From strangers on the Internet, from my mother and my friends, to hiring interviews in startups and just about every blog post nowadays, comes the question that makes me fumble for words every single time I read it:
“What is your passion?”
Passion. Paixão. Pasión. Leidenschaft (what the heck, German). Asked always in a singular, interrogation form, and almost always used as a declarative, implicit fact. What is that one passion of yours, and what are you doing to pursue it? — oh, don’t you even dare to even consider answering this question with a “I don’t know yet…!”, because I’m sure that cost me the chance of working with a startup in London in 2014, after being told that it was an answer from someone who didn’t have his priorities figured out.

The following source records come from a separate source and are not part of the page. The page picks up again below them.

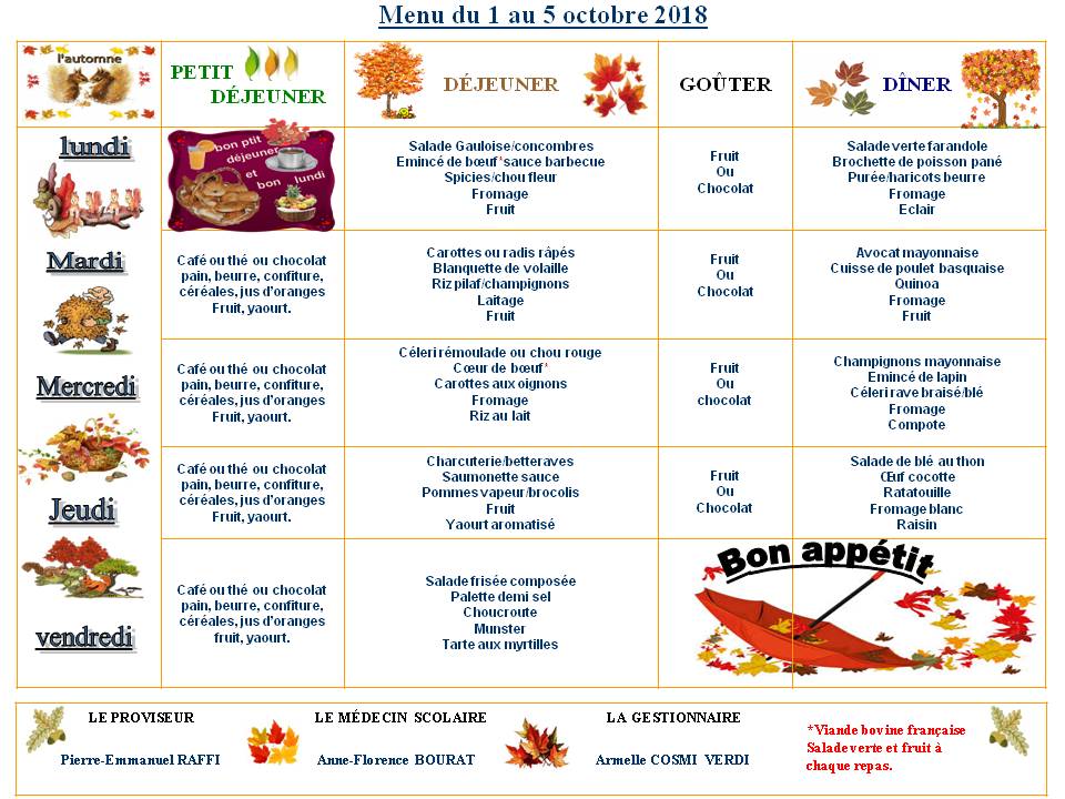 Menu du 1 au 5 octobre 2018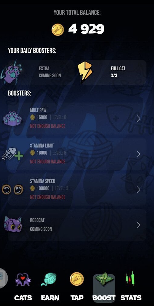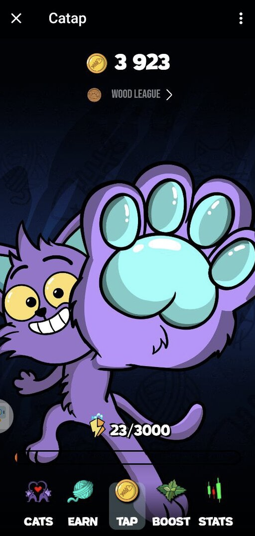 Чтобы зарабатывать в ней монетки, требовалось кликать на изображение вытянутой лапы кота. Тапать можно было до той поры, пока на счете энергии имелись поинты. Затем требовалось подождать момента, когда очки восстановятся.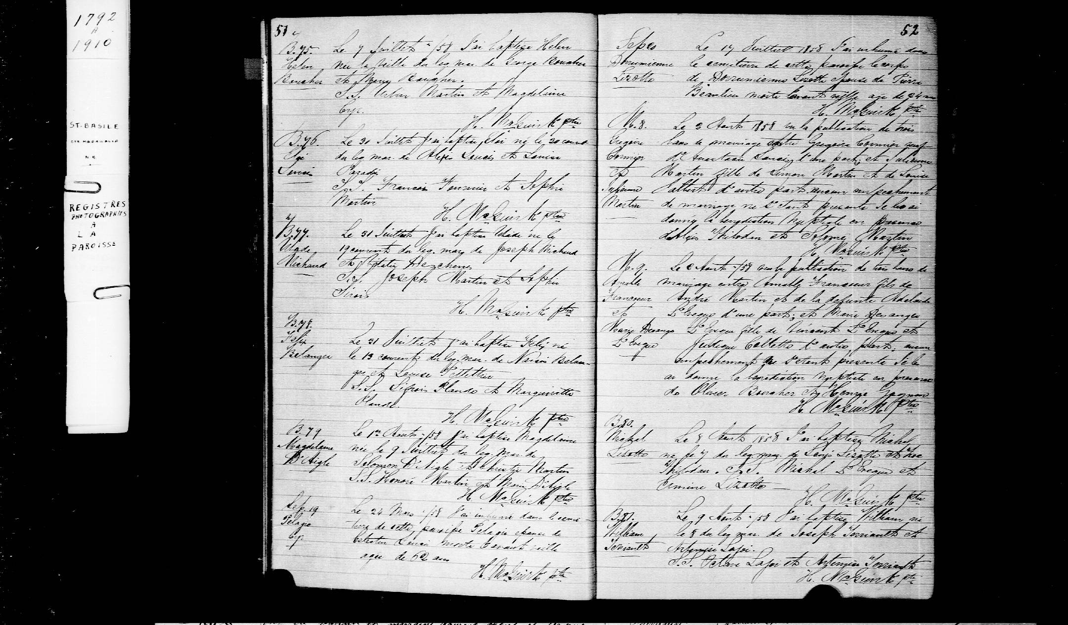 Le Fichier Histor: A collection of marriage records, including the origin of the individuals and a marriage contract. This collection includes all Catholic and Protestant marriages celebrated in Quebec from 1730 to 1825, as well as marriages celebrated in western French forts such as Detroit, and Acadian marriages.

I like to think it was their loss.
However, since that moment, I became a man on a mission: I’d stop screwing around and find this godforsaken passion of mine. Focus, Ricardo, focus, there’s a passion to be found out there! I sometimes find coins on the street. How much harder can this be?
Luckily it didn’t take me long to realise I was on a rather pointless mission. Cal Newport has written beautifully about why this is the wrong question to ask to begin with; he calls it the passion trap, a path to an endless spiral of uncertainty, an expectation in desperate need of attention. After 3 weeks of self-inflicted emotional pain for not having my life figured out, I really felt like I was chasing my own tail… even worse, a tail that wasn’t even mine to begin with.
The more emphasis you place on finding work you love, the more unhappy you become when you don’t love every minute of the work you have.
And yet, knowing this, something was still missing. If pursuing the promise of a passion is the wrong path to take, what course of action to take, then? What’s the right question to ask, if there even is one? Well, my lizard brain has lead me to this other word: Curiosity.
Jonathan Fields once said on one of his podcasts that the opposite of happiness isn’t sadness. Sadness is, for better and for worse, a natural part of life that we all should expect and learn how to deal with at times. He wisely mentioned the lack of curiosity as being the very opposite of happiness; the unwillingness to learn, to listen and discover what’s around us at every moment can be a slow, silent killer of empathy. Being in a curious state of mind makes us ask (silly) questions, experiment and tinker with the building blocks of life. And this is the state of mind that enables opportunity, allowing for passion to flow through without even being aware of it.
Thinking back, when I was 13 and in school, I didn’t plan my play and recess time based on my passions… I did things because I was curious about them. So did you and just about everyone else. What changed, then?
Letting go of my Passion Driven Development mode has made me pursue the things I naturally know I’m curious about. Examples? Well, I now walk to work, because I’m curious about the mundane daily life around me. I’m also photographing more, not because I’m questioning whether or not I should make a career out of photography, but because I’m interested in experiencing the world through the lens again. I’m reading more about Stoicism and Buddhism knowing well that I won’t become a monk; accepting my curiosity about these topics is my green card to create the opportunity for them.
And as for passion itself? Phil Tippett, the mastermind behind the stop-motion animation on the first Star Wars and Jurassic Park movies, recently summarised his 40 year career by quoting Mark Z. Danielewski:
“Passion has little to do with euphoria and everything to do with patience. It is not about feeling good. It is about endurance. Like patience, passion comes from the same Latin root: pati. It does not mean to flow with exuberance. It means to suffer.”
Before being “hungry and foolish”, adding “curious” to this array of soul states is probably a good idea. Passion can wait, in the meantime please do whatever you feel most attracted to.